The trial court found the facts as stipulated and concluded that the claimant was entitled to compensation. The case was ordered returned to the Commission with directions to allow the claim in accordance with the schedule of rates provided by the *Page 450 Workmen's Compensation Law (Or. L., § 6605 et seq.), with costs to the claimant. From that judgment the Commission appeals.

AFFIRMED. Under Or. L., Section 6617, subdivision (1), the operation of a wood-saw is defined as a hazardous occupation. Section 6618 reads:

"Farming and all work incidental thereto except the construction of dwelling houses, hop dryers, fruit dryers, stock and hay barns, are nonhazardous occupations, and are subject to the provisions of this act only through compliance with Section 6636."

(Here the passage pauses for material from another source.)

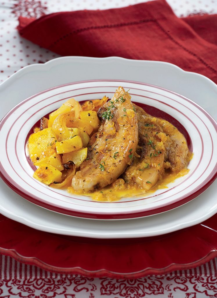 Χοιρινές πανσέτες με σάλτσα πορτοκάλι και κονιάκ

"Wood-sawing" and "wood-cutting" may be incidental to farming: Or. L., Section 6619.

Under the facts in the cause at issue, the claimant, in helping to operate the wood-saw, was not engaged in an employment incidental to the farming operations of Smith: Farrin v. StateIndustrial Acc. Com., 104 Or. 452, 469 (205 P. 984); Helmuthet al. v. Industrial Acc. Com. et al., 59 Cal. App. 160 (210 P. 428, 429); Hanna v. Warren, 77 Ind. App. 1 (133 N.E. 9);Marietta v. Quayle, 79 Ind. App. 9 (137 N.E. 61).

The decisions cited by appellants are not contrary to the claimant's contention. In the case of Boschetti v. L. Lecasand Fombaron, 3 Dec. Ind. Acc. Com. 39, the appellant was a general farm-hand who was injured by a wedge striking him in the eye while cutting firewood in the course of his employment. InMullen v. Little, 186 A.D. 169 (173 N.Y. Supp. 578) the plaintiff was employed as *Page 451 a farm laborer and in the performance of his duties was injured while filling an ice-house with ice to be used on the farm. The cases cited by appellants are clearly distinguishable from the case at bar, because the employees therein were farm laborers engaged in performing their duties as such. In the case at issue, the employees of McCarthy were not engaged in farming or in labor incidental thereto. When they were sawing wood for John Jones, an attorney at law, and for John Brown, a physician, they were under the protection of the Workmen's Compensation Act. The fact that they moved their operations down to farmer Smith does not change the hazardous nature of their employment.

We have considered the history of the act and the amendments thereto called to our attention by the Assistant Attorney General.

This case is affirmed. AFFIRMED.

McBRIDE, C.J., and BEAN and BELT, JJ., concur.